A series of specific task ionic liquids (ILs) based on a pyridiniumhydrazone scaffold in combination with hexafluorophosphate (PF6-), tetrafluoroboron (BF4-) and/or trifluoroacetate (CF3COO-) counter anion, were designed and characterized by IR, NMR and mass spectrometry. The reactions were conducted under both conventional and green ultrasound procedures. The antifungal potential of the synthesized compounds 2-25 was investigated against 40 strains of Candida (four standard and 36 clinical isolates). Minimum inhibitory concentrations (MIC90) of the synthesized compounds were in the range of 62.5-2000 µg/mL for both standard and oral Candida isolates. MIC90 results showed that the synthesized 1-(2-(4-chlorophenyl)-2-oxoethyl)-4-(2-(4-fluorobenzylidene)hydrazinecarbonyl)-pyridin-1-ium hexafluorophosphate (11) was found to be most effective, followed by 4-(2-(4-fluorobenzylidene)hydrazinecarbonyl)-1-(2-(4-nitrophenyl)-2-oxoethyl)-pyridin-1-ium hexafluorophosphate (14) and 1-(2-ethoxy-2-oxoethyl)-4-(2-(4-fluorobenzylidene)hydrazinecarbonyl)pyridin-1-ium hexafluorophosphate (8). All the Candida isolates showed marked sensitivity towards the synthesized compounds. Ergosterol content was drastically reduced by more active synthesized compounds, and agreed well with MIC90 values. Confocal scanning laser microscopy (CLSM) results showed that the red colored fluorescent dye enters the test agent treated cells, which confirms cell wall and cell membrane damage. The microscopy results obtained suggested membrane-located targets for the action of these synthesized compounds.

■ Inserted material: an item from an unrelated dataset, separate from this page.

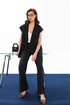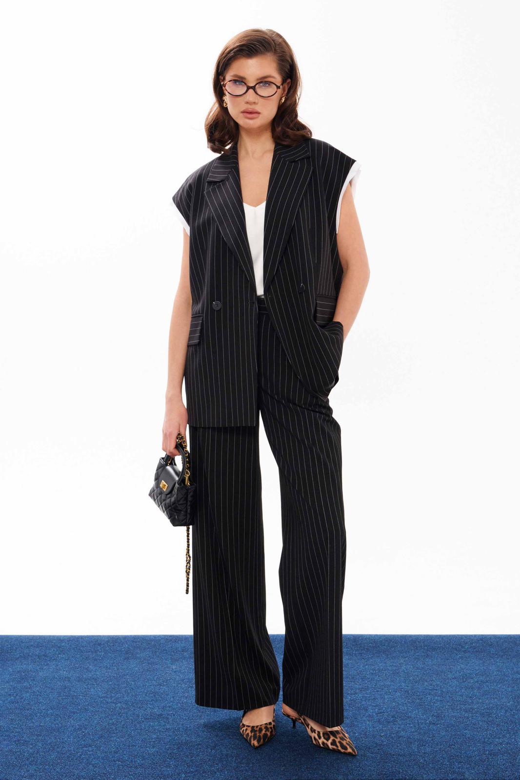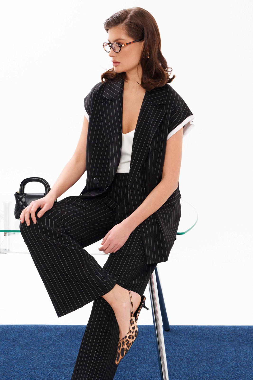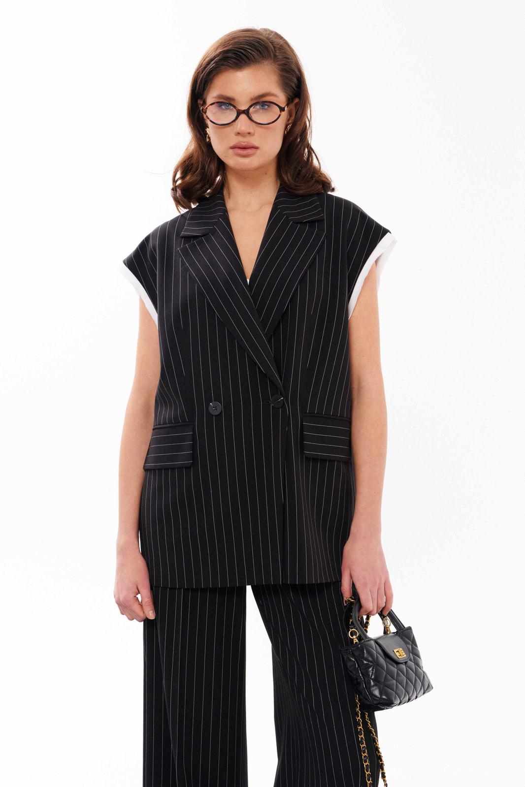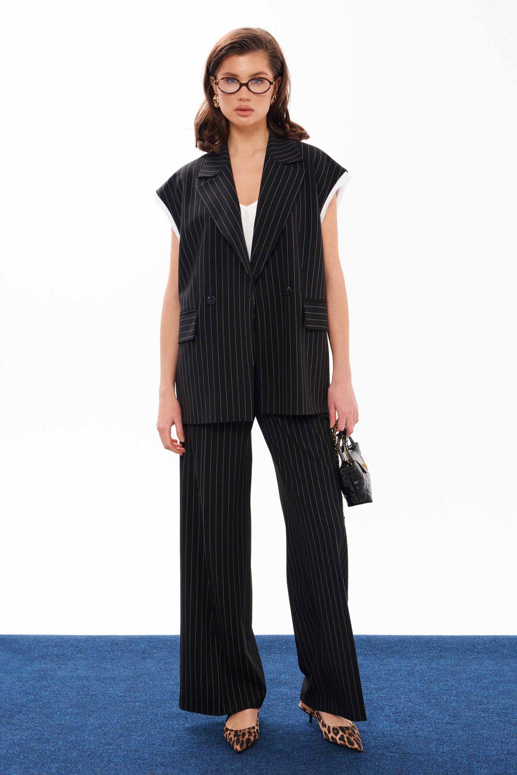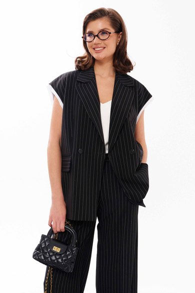 Жилет женский из смесовой ткани для повседневной носки. Жилет прямого силуэта. Жилет двубортный на одну обметанную петлю и одну пуговицу. Перед имеет две талиевые вытачки и два кармана с клапаном и двумя обтачками. Спинка разрезная с регулирующимся хлястиком. Горловина обработана пиджачным воротником. Жилет без рукавов, по пройме имеется вставка из другого материала. Жилет на поливискозной подкладке. Очень стильный жакет, в котором вы обязательно очаруете всех своим внешним видом. А главное в данном жилете вы всегда будете в центре внимания.

It appears that the test compounds might be interacting with ergosterol in the fungal cell membranes, decreasing the membrane ergosterol content and ultimately leading to membrane disruption as visible in confocal results. The present study indicates that these synthesized compounds show significant antifungal activity against Candida which forms the basis to carry out further in vivo experiments before their clinical use.

An Eco-Friendly Ultrasound-Assisted Synthesis of Novel Fluorinated Pyridinium Salts-Based Hydrazones and Antimicrobial and Antitumor Screening.

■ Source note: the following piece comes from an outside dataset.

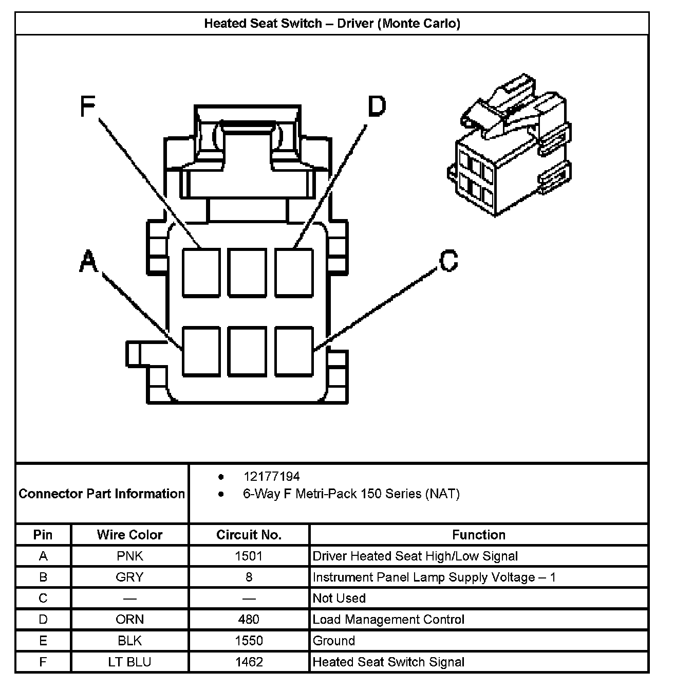 Heated Seat Switch - Driver: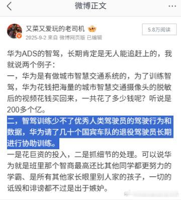 四个月前我说的,华为请了几十个国宾车队的退役驾驶员协助训练。现在大家在4.1上彻

The present work reports an efficient synthesis of fluorinated pyridinium salts-based hydrazones under both conventional and eco-friendly ultrasound procedures. The synthetic approach first involves the preparation of halogenated pyridinium salts through the condensation of isonicotinic acid hydrazide (1) with p-fluorobenzaldehyde (2) followed by the nucleophilic alkylation of the resulting N-(4-fluorobenzylidene)isonicotinohydrazide (3) with a different alkyl iodide. The iodide counteranion of 5-10 was subjected to an anion exchange metathesis reaction in the presence of an excess of the appropriate metal salts to afford a new series of fluorinated pyridinium salts tethering a hydrazone linkage 11-40. Ultrasound irradiation led to higher yields in considerably less time than the conventional methods. The newly synthesized ILs were well-characterized with FT-IR, ¹H NMR, (13)C NMR, (11)B, (19)F, (31)P and mass spectral analyses. The ILs were also screened for their antimicrobial and antitumor activities. Within the series, the salts tethering fluorinated counter anions 11-13, 21-23, 31-33 and 36-38 were found to be more potent against all bacterial and fungal strains at MIC 4-8 µg/mL. The in vitro antiproliferative activity was also investigated against four tumor cell lines (human ductal breast epithelial tumor T47D, human breast adenocarcinoma MCF-7, human epithelial carcinoma HeLa and human epithelial colorectal adenocarcinoma Caco-2) using the MTT assay, which revealed that promising antitumor activity was exhibited by compounds 5, 12 and 14.